What can/should be done? One of the most urgent points remains limited access to formal schooling, which affects in particular a very large number of girls around the world (such as the amazing Malala Yousafzai in Afghanistan). Programs of incentive to education, such as the Brazilian program of financial incentive to keep poor children in schools, can be very effective. Programs of early intervention for mothers at risk of neglecting their infants, where trained nurses regularly visit the families and teach caregivers basic elements of what a baby requires to thrive, have proved to be effective in breaking patterns of poverty running across generations of the same families.
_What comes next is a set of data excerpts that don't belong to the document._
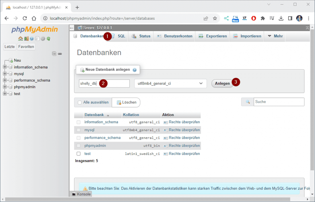 Im ersten Schritt erstellen wir die Datenbank und klicken auf den Reiter „Datenbanken“ (1). Danach vergeben wir unserer Datenbank einen Namen, in meinem Fall nehme ich die Bezeichnung „shelly_db“ (2). Dieses bestätigen wir mit der Schaltfläche „Anlegen“ (3).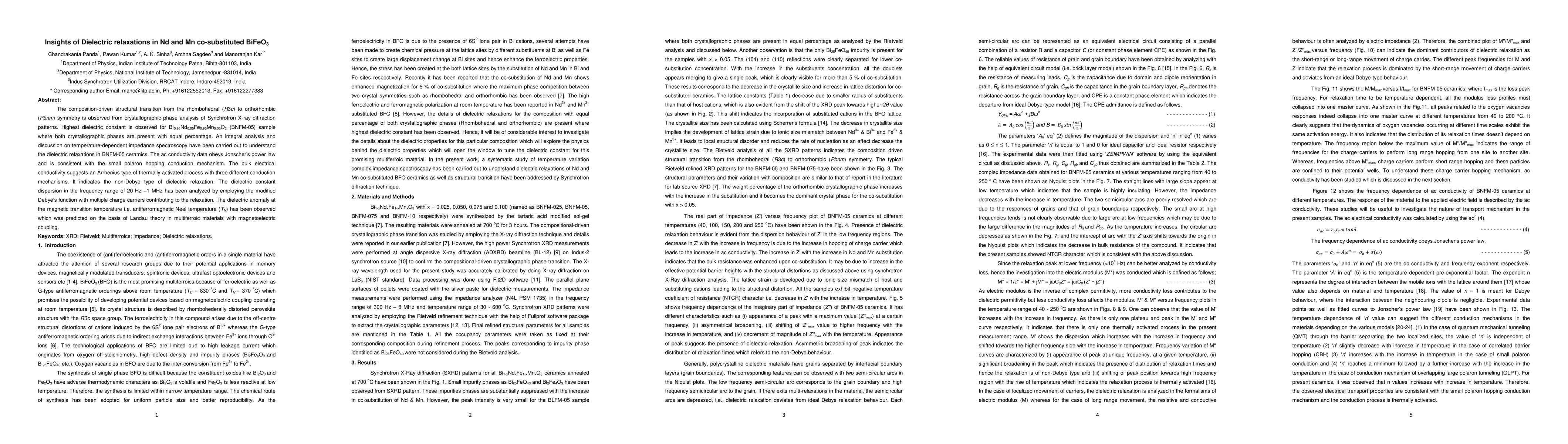 Researchers discovered a composition-driven transition in BiFeO3 with Nd and Mn co-substitution, showing a highest dielectric constant at specific levels of substitution. The study also found evidence of non-Debye type dielectric relaxation and conductivity explained by the small polaron hopping model.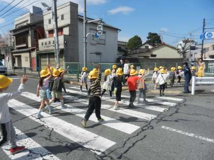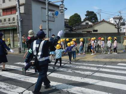 「手を挙げて!」「アイコンタクトが大事だよ(ドライバーの目を見る)。」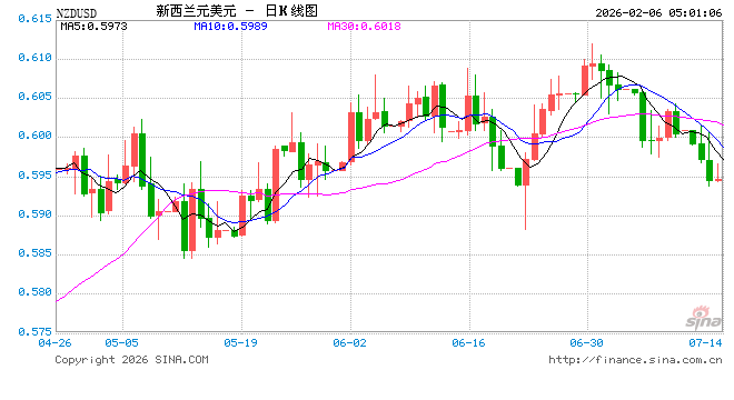新浪外汇消息2026年02月06日,截至05时00分,外汇市场上新西兰元兑美元汇率跌破1新西兰元兑换0.5961美元。跌幅为-0.6996%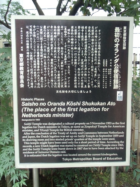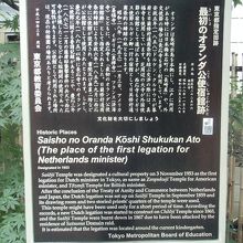 説明板によると、幕末や明治時代、芝周辺の大きなお寺は外国使節の宿館として使われたそうで、西応寺もその一つ。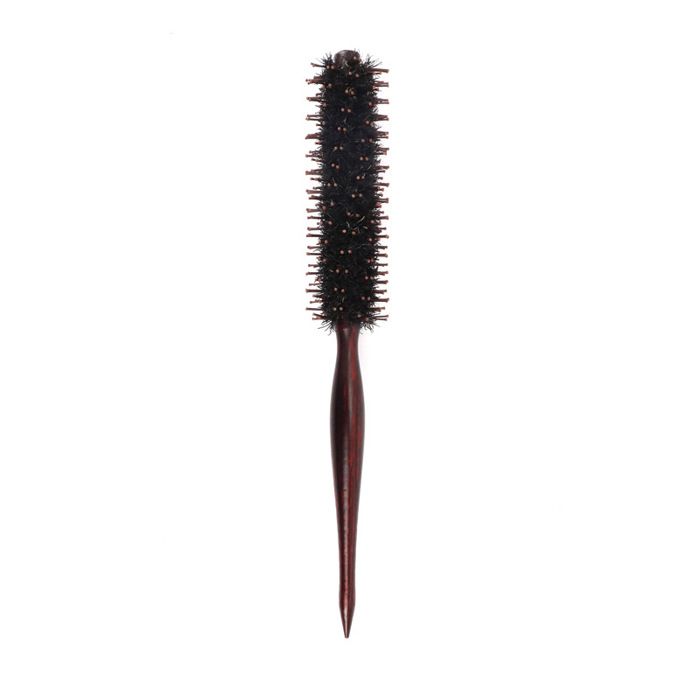 Petite brosse ronde en poils de sanglier pour brushing coiffage - Manche en bois - Poils naturels doux pour cheveux courts et fins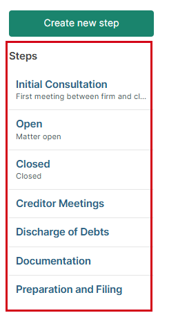 When setting up a workflow step, you can choose specific actions that should take place. This article covers how to adjust trust accounting-related step actions. Specifically, you can choose to have your matter automatically open a trust accounting record for this matter as the user moves to this step.

More and more countries are passing laws prohibiting any form of physical violence on children, including the proverbial spanking, as it has become abundantly clear that resorting to corporal punishment (even in ‘mild’ forms) is an ineffective and psychologically damaging method of upbringing. Other forms of child abuse (including, controversially, genital alteration both for female and male infants and children) are also receiving increased attention at least in some countries.
The bottom line is the recognition that human children are vulnerable because they require such a vast investment of resources to become viable adults, if compared to other animal species. But a happy, healthy childhood, with nurturing caregivers, is not a luxury: it is a biological necessity. So yes, we truly need such a thing as the Universal Children’s Day.